*Your task*: Transcribe the entries that follow, every word as written, and drop the pictures.

____

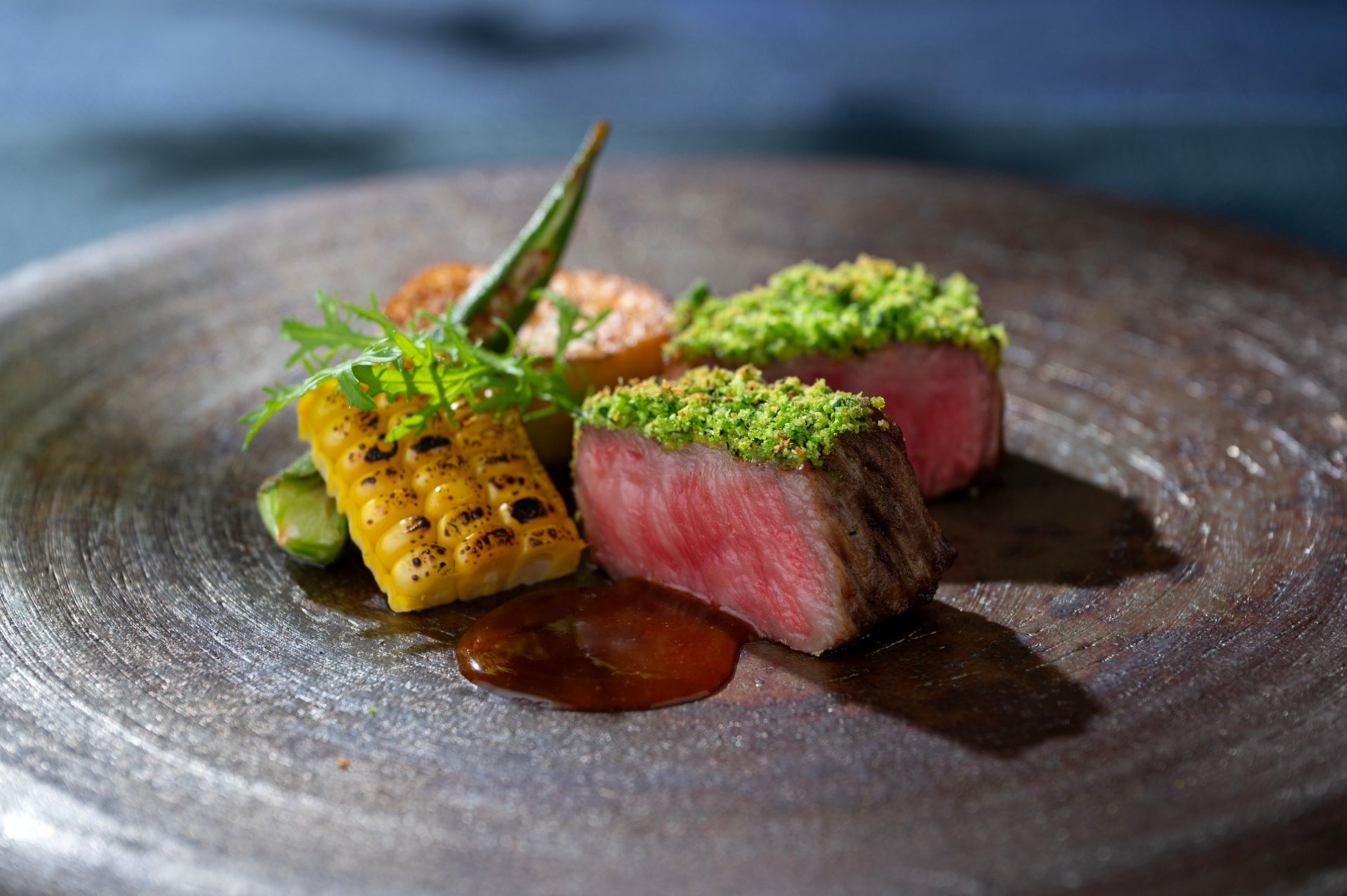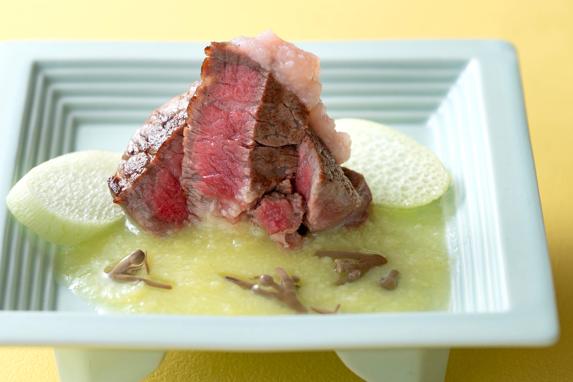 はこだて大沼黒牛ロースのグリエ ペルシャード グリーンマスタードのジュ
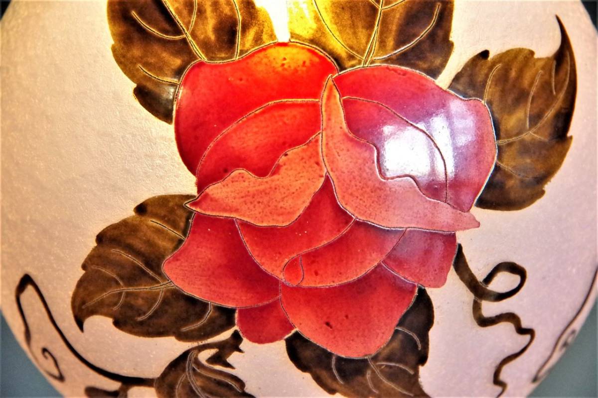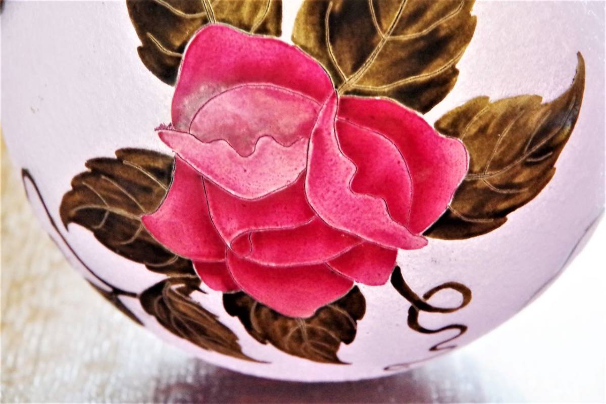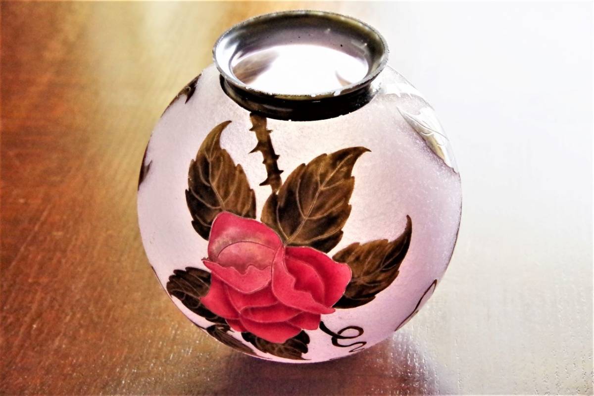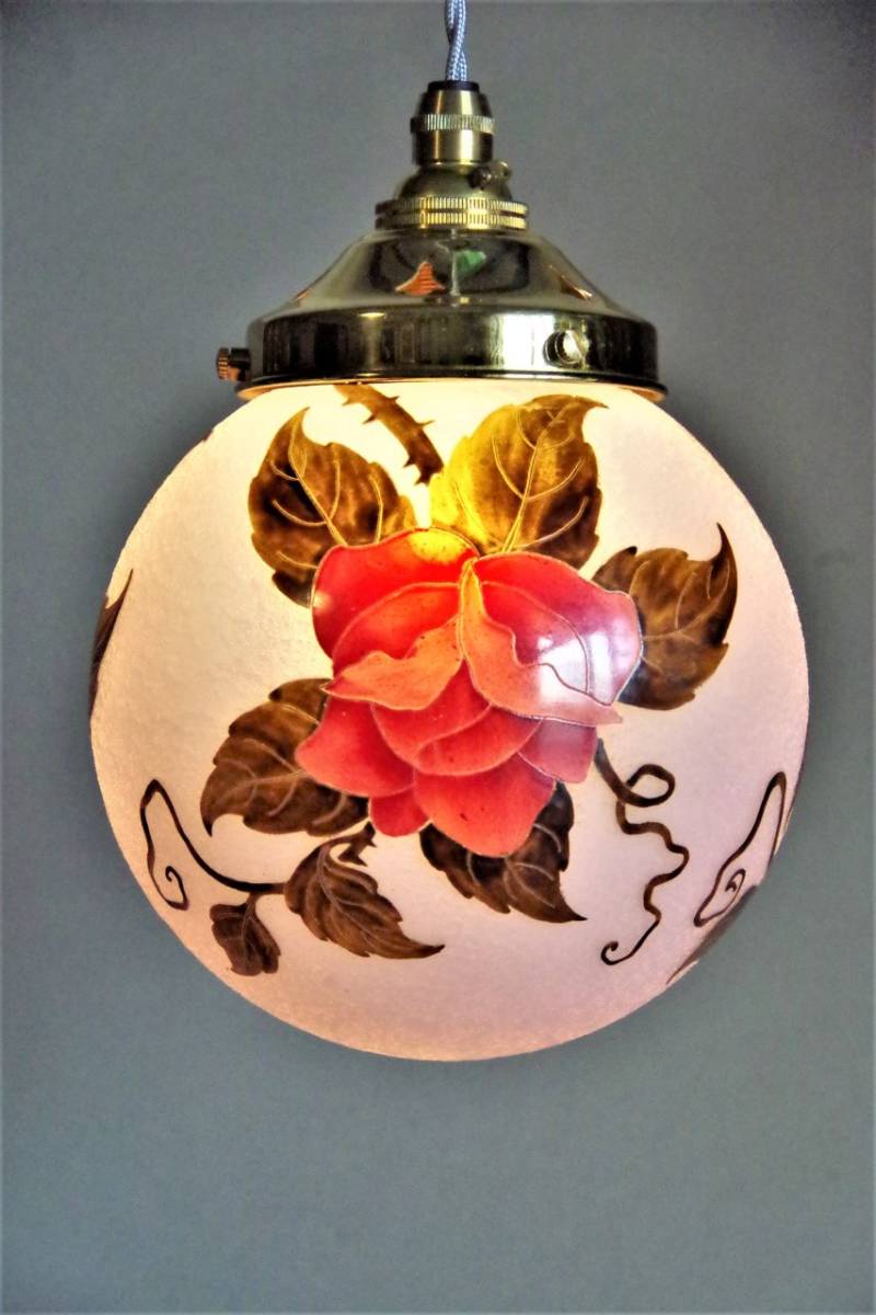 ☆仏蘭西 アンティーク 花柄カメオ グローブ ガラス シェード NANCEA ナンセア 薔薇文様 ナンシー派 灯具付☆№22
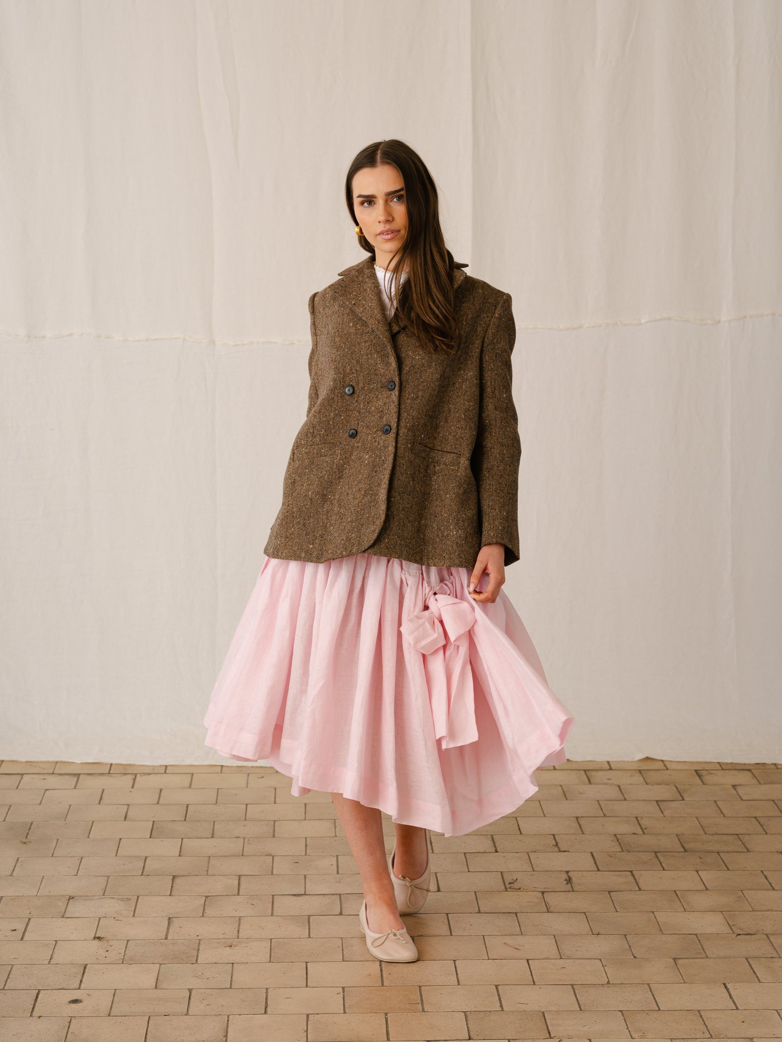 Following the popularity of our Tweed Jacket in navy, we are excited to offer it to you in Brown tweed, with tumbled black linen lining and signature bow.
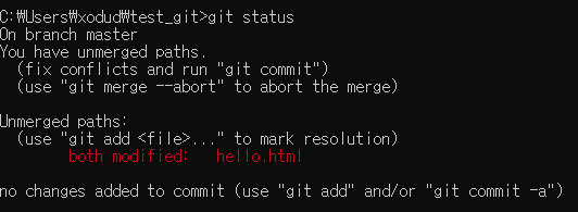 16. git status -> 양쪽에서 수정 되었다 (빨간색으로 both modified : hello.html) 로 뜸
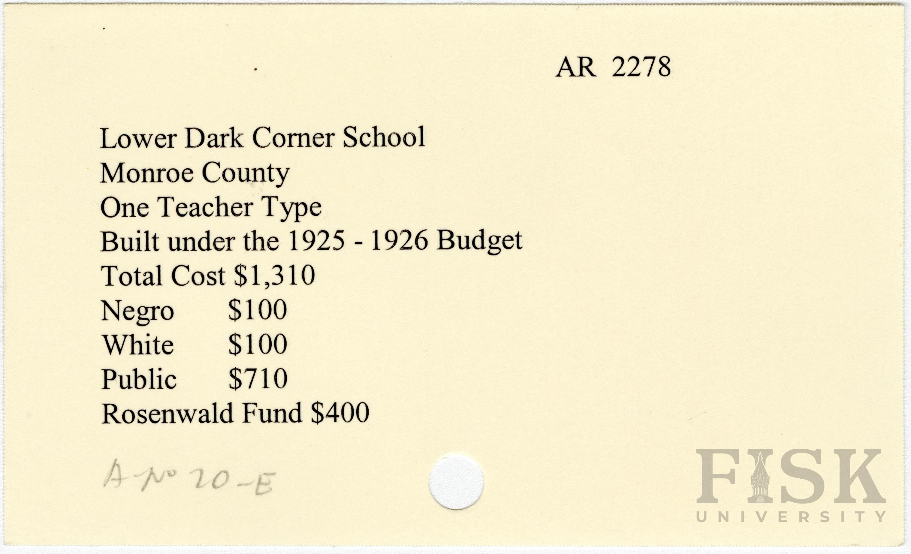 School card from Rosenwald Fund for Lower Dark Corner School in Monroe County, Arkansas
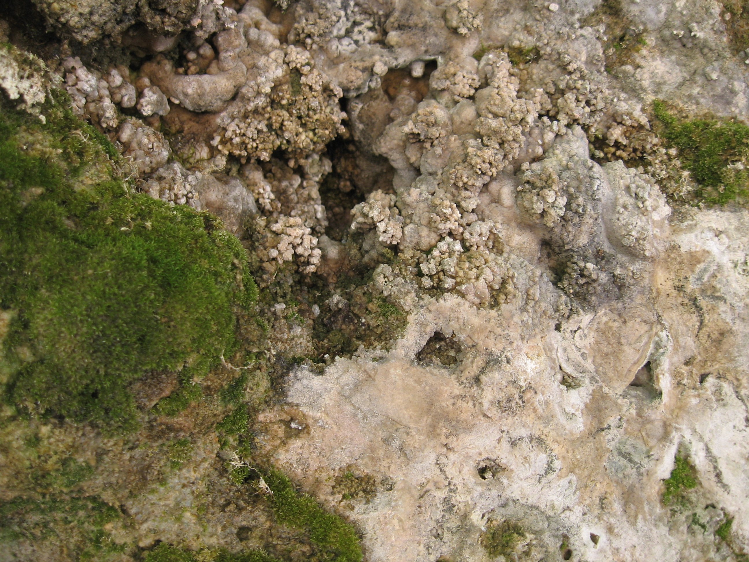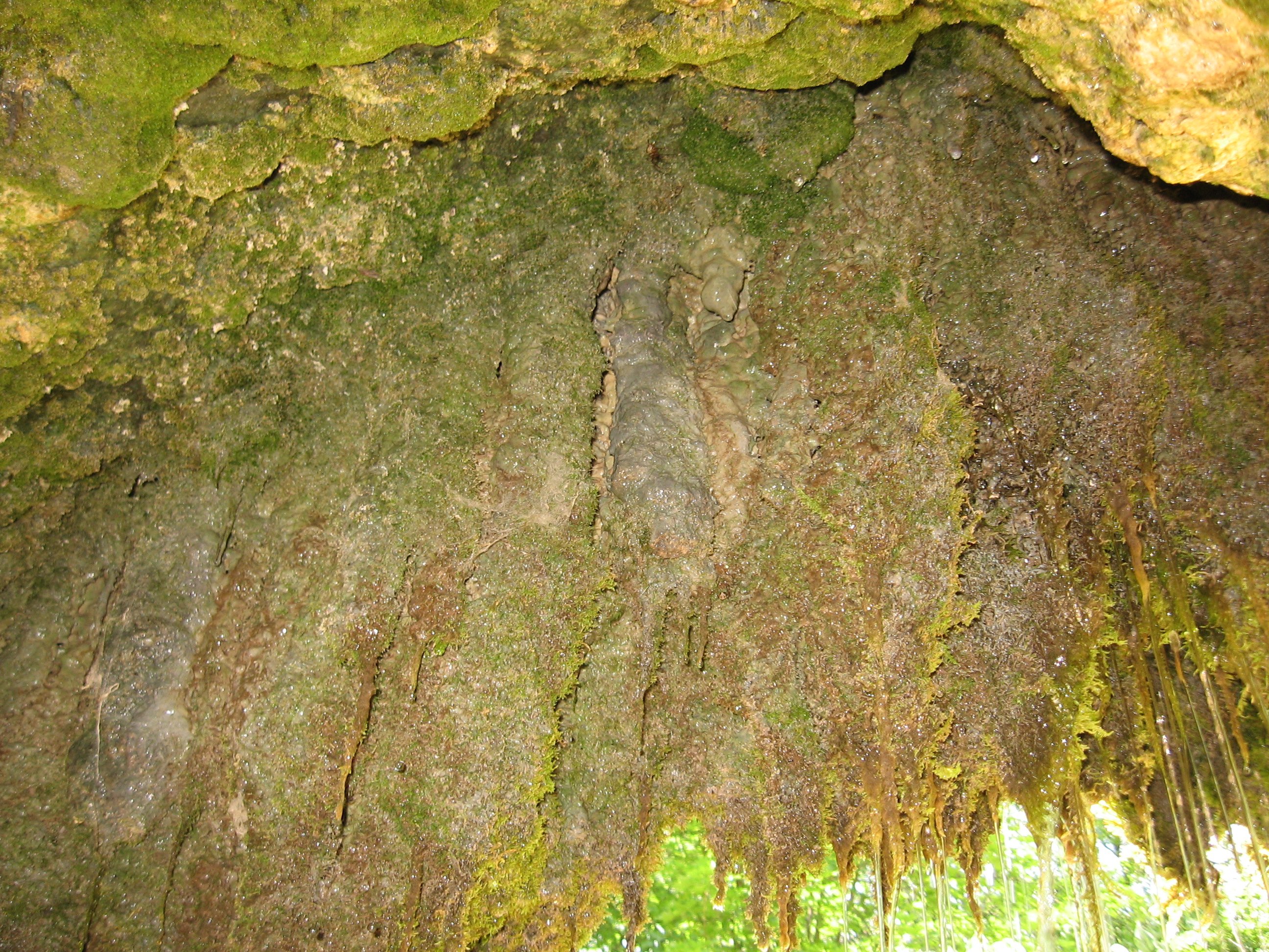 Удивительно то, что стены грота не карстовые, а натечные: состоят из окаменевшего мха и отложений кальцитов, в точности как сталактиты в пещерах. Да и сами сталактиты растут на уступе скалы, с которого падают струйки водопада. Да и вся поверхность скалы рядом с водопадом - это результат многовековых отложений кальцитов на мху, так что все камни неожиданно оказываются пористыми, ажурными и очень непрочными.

____

*Reply*:
 はこだて大沼黒牛ロースのグリエ ペルシャード グリーンマスタードのジュ
 ☆仏蘭西 アンティーク 花柄カメオ グローブ ガラス シェード NANCEA ナンセア 薔薇文様 ナンシー派 灯具付☆№22
 Following the popularity of our Tweed Jacket in navy, we are excited to offer it to you in Brown tweed, with tumbled black linen lining and signature bow.
 16. git status -> 양쪽에서 수정 되었다 (빨간색으로 both modified : hello.html) 로 뜸
 School card from Rosenwald Fund for Lower Dark Corner School in Monroe County, Arkansas
 Удивительно то, что стены грота не карстовые, а натечные: состоят из окаменевшего мха и отложений кальцитов, в точности как сталактиты в пещерах. Да и сами сталактиты растут на уступе скалы, с которого падают струйки водопада. Да и вся поверхность скалы рядом с водопадом - это результат многовековых отложений кальцитов на мху, так что все камни неожиданно оказываются пористыми, ажурными и очень непрочными.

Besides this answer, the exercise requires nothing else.